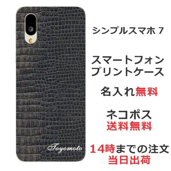 シンプルスマホ7 A404SH らふら 名入れ スマホケース クロコダイル ブラック
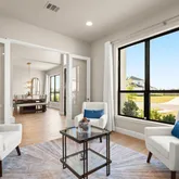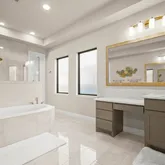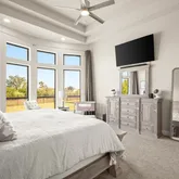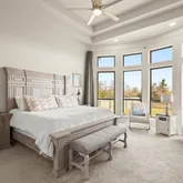 - Private primary retreat downstairs: curved wall of windows, spa bath with dual vanities, garden tub, frameless shower, and two enormous walk-in closets
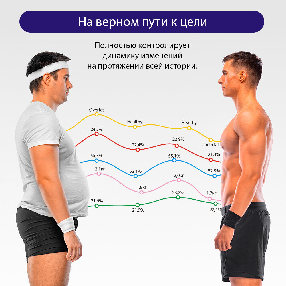 | Дополнительные функции | определение доли жировой ткани / определение доли мышечной ткани / определение доли воды / определение доли костной ткани / расчет ИМТ (BMI) / измерение температуры воздуха / постановка цели / память |
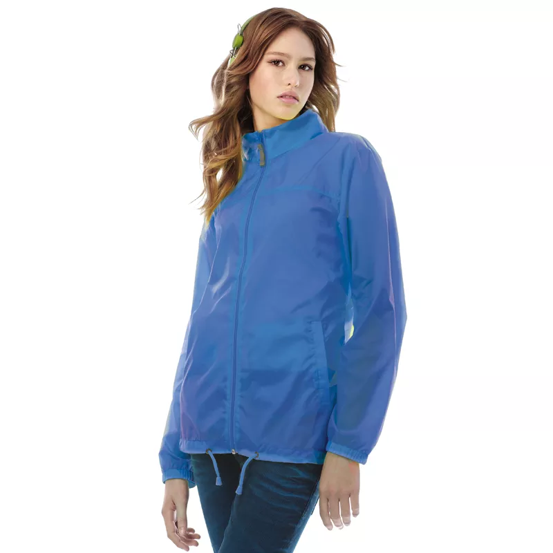 Ветровка женская с капюшоном (также капюшон складывается внутрь воротника - застежка на липучке); ветронепроницаемый, водоотталкивающий нейлон.
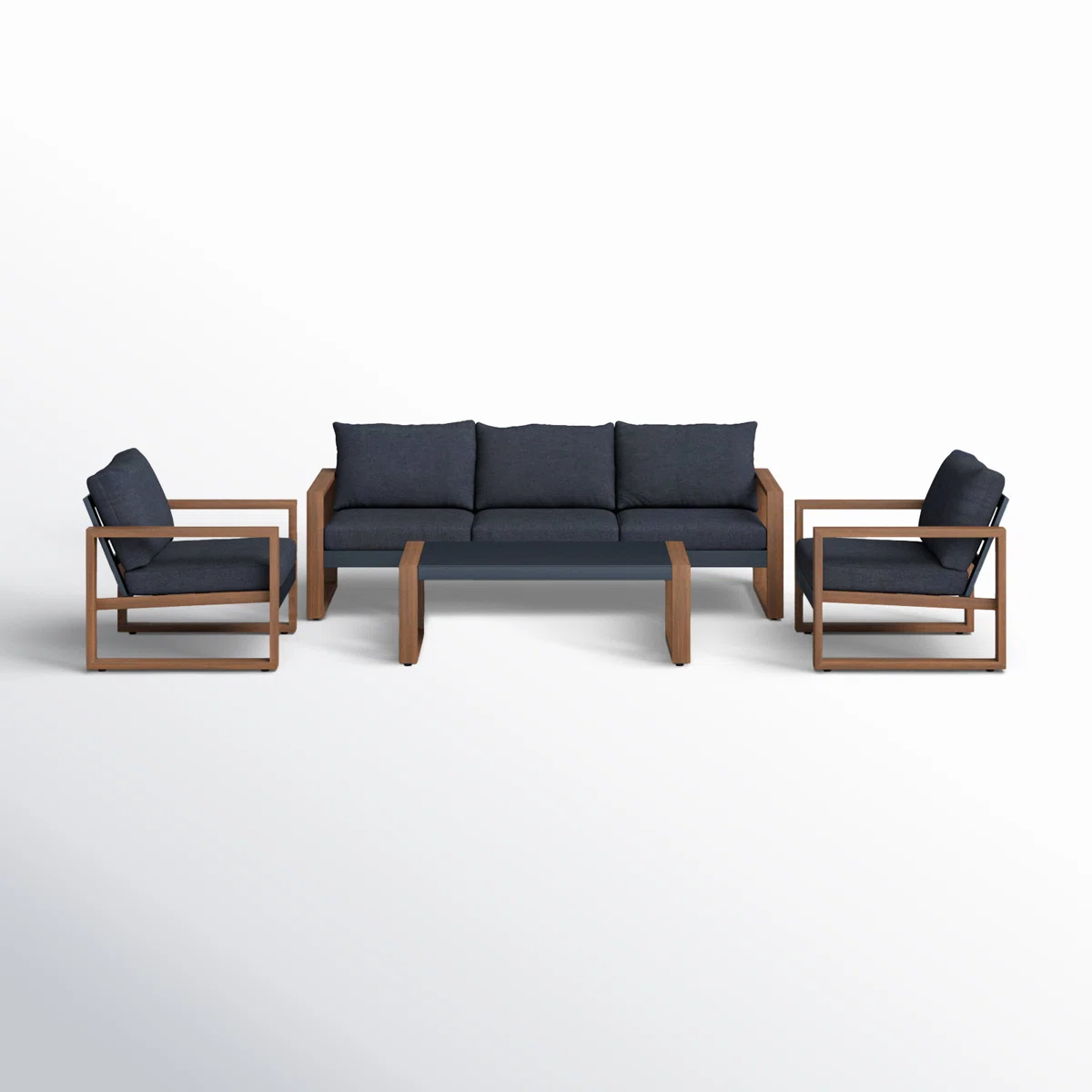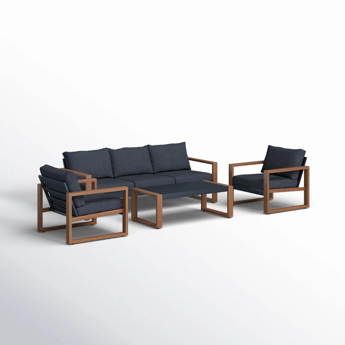 Arunas 5 Person Outdoor Conversation Furniture Set Seating Group with Wood Pattern and Cushions
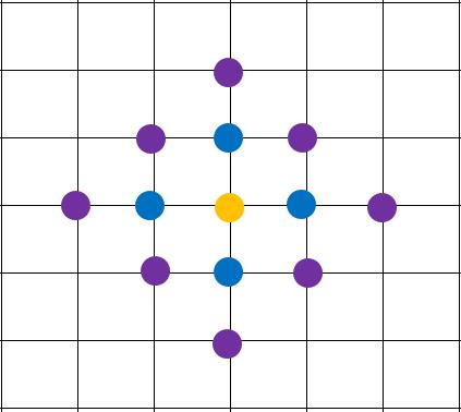 图形中有多个不同的图案,同一个图案的定义是这样的,对于两个发光的点,如果他们的曼哈顿距离(对于A(x1,y1)和B(x2,y2),A和B之间的曼哈顿距离为|x1-x2|+|y1-y2|)小于等于2,那么这两个点就属于一个图案。
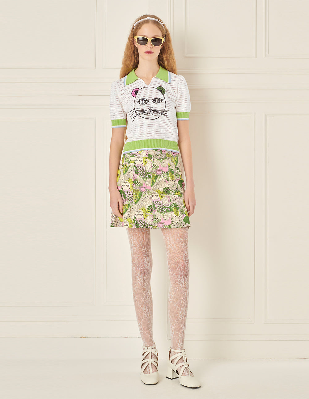 BORA AKSU Handhook Cat Pattern Hollow Textured Knitted T-shirt
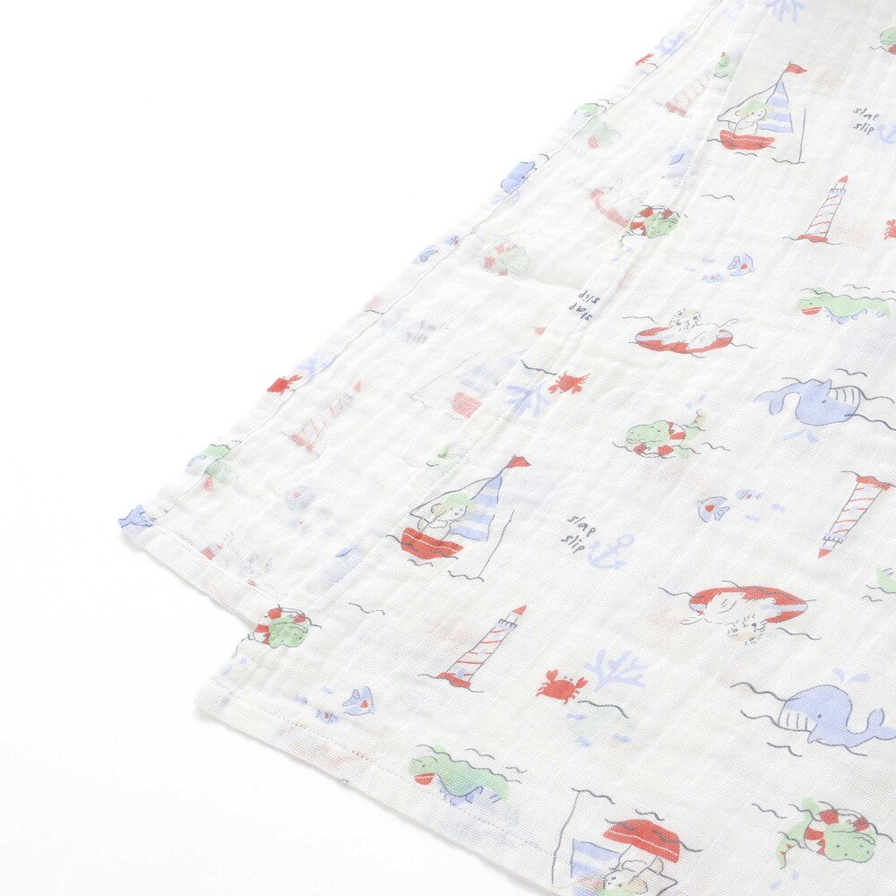 ダブルガーゼを一枚仕立てにした生地を使用しており、軽やかで通気性がよく、季節を問わず使いやすいのも魅力です。
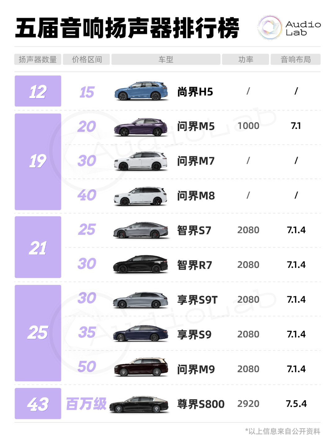 不过通过整理五界中不同产品的配置及定位,我们也猜测鸿蒙智行里也开始有清晰的音响等级,并且通过音响硬件配置来进行划分。
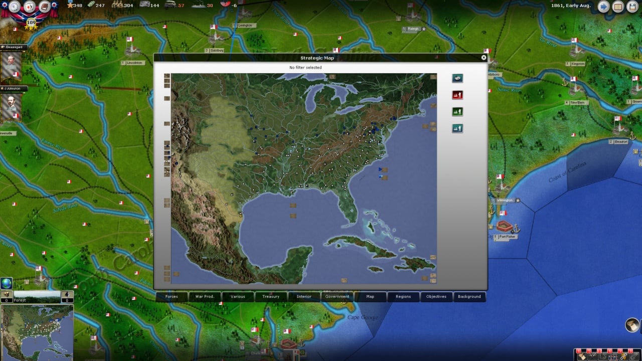 В этой игре каждый ход длится две недели. Команды выполняются поэтапно. На одну фазу уходит 1 день, и в итоге получается 14 суток. Поэтому перед раздачей приказов необходимо просчитывать наперед, где будет находиться противник. При этом нужно не только отправлять силы на штурм вражеской позиции, но также позаботиться о снабжении и распланировать саму атаку. В инди-проекте более 1000 юнитов, включая артиллеристов, кавалеристов, снайперов. Их можно объединять в бригады, дивизии, корпуса и армии. Схватки проходят не только на суше, но и на море. Разнообразия геймплею добавляет система карточек. Они активируют различные события. Например: внезапное нападение индейцев.
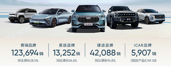 四大主力乘用車品牌中:奇瑞品牌6月銷量123,694輛,同比增長28.5%;1-6月銷量706,767輛,同比增長41.9%;星途品牌6月銷量13,252輛,同比增長34.6%;1-6月銷量54,447輛,同比增長28.9%;捷途品牌6月銷量42,088輛,同比增長94.8%;1-6月銷量223,555輛,同比增長98。9%;iCAR品牌 首款產(chǎn)品上市4個月,6月銷量5,907輛;1-6月銷量25,586輛。

_ _ _ _ _

## [What this task involves]
Please repeat, with no pictures, each line from the start of the records above through the line with "- Private primary", inclusive, and only those.

## [Response to this task]
 シンプルスマホ7 A404SH らふら 名入れ スマホケース クロコダイル ブラック
 - Private primary retreat downstairs: curved wall of windows, spa bath with dual vanities, garden tub, frameless shower, and two enormous walk-in closets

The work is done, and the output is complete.